Средняя лощина – место не то чтобы дикое и заросшее, скорее неудобное, и в особенности эта её черта проявлялась под покрывалом ночи. Стена мелколесья нависала пологой стеной. Всегда скользкий спуск. К лощине просто неудобно было подойти, и также неудобно из неё было выбраться.

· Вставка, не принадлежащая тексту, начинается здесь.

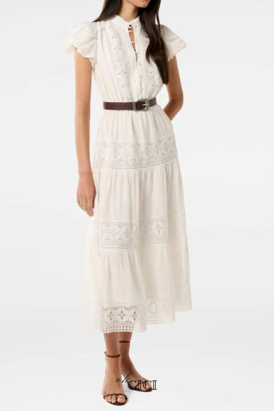 Elevate your wardrobe with the White Adelaide Lace Belted Trim Midi Dress, a refined choice for occasions requiring elegance and subtle sophistication. Crafted from delicate lace, this midi-length dress features a tailored belt that defines the waist, enhancing silhouette and providing a flattering fit. The intricate lace detailing and refined trim add texture and depth, making it versatile for both daytime events and evening gatherings. Designed with both style and comfort in mind, this dress offers an expert blend of classic charm and modern structure.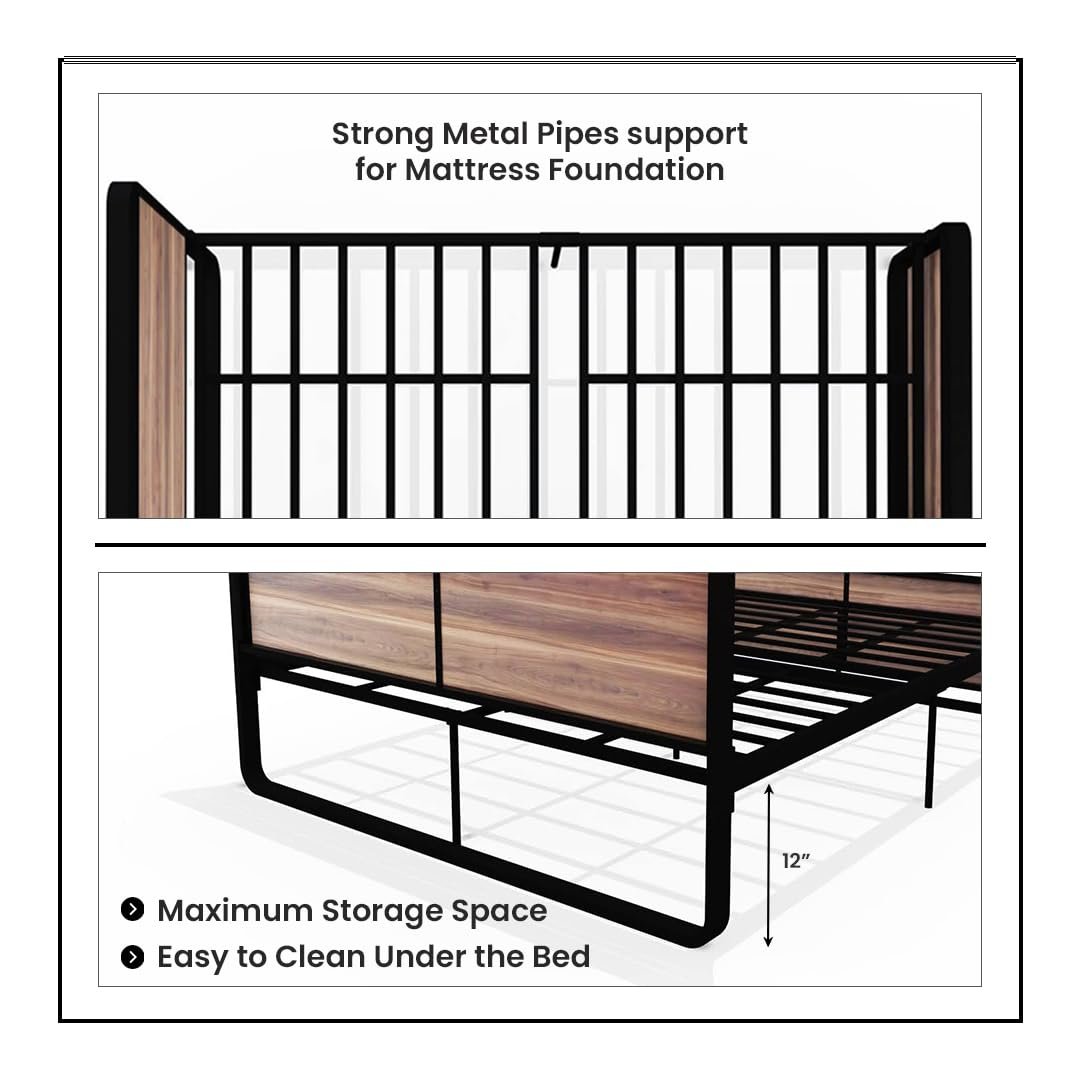 Krayog Vega Hybrid Wood and Metal Structure Bed (Black, Queen)

Чёрное небо леса кружило над головами, спешно продирающихся сквозь кустарник. Гюстав молчал. Даже смешно, – насколько мы порой недооцениваем сообразительность собственных детей.
Ни звука не слышалось. Пологий берег. Ледяной снег под нижней юбкой, и вновь вперёд. Хрустнула ветка, и филин вдали ознаменовал наступление ночи. Зое не слышала труб. Не видела синих стягов, не чувствовала звериного запаха, и всё же она знала – это уже началось. Гюстав, дёргаемый за руку, он хотел что-то сказать, возмутиться, но прочитав её взгляд, предпочёл не нарушать молчания. Девушка и не заметила, когда и кто первым перешёл на бег. Странный, пугающе скорый бег в тишине. Гонка с противником, которого нельзя увидеть. Им очень повезёт, если его никто не увидит. Филин махнул крылом над головами. Люди расходились, точно стая рыб, обходя препятствия. Вновь встречались, и каждый раз Зое заново искала взглядом Гюстава. Надия тряпичной куклой болталась у неё на груди. А затем рыцарь остановился.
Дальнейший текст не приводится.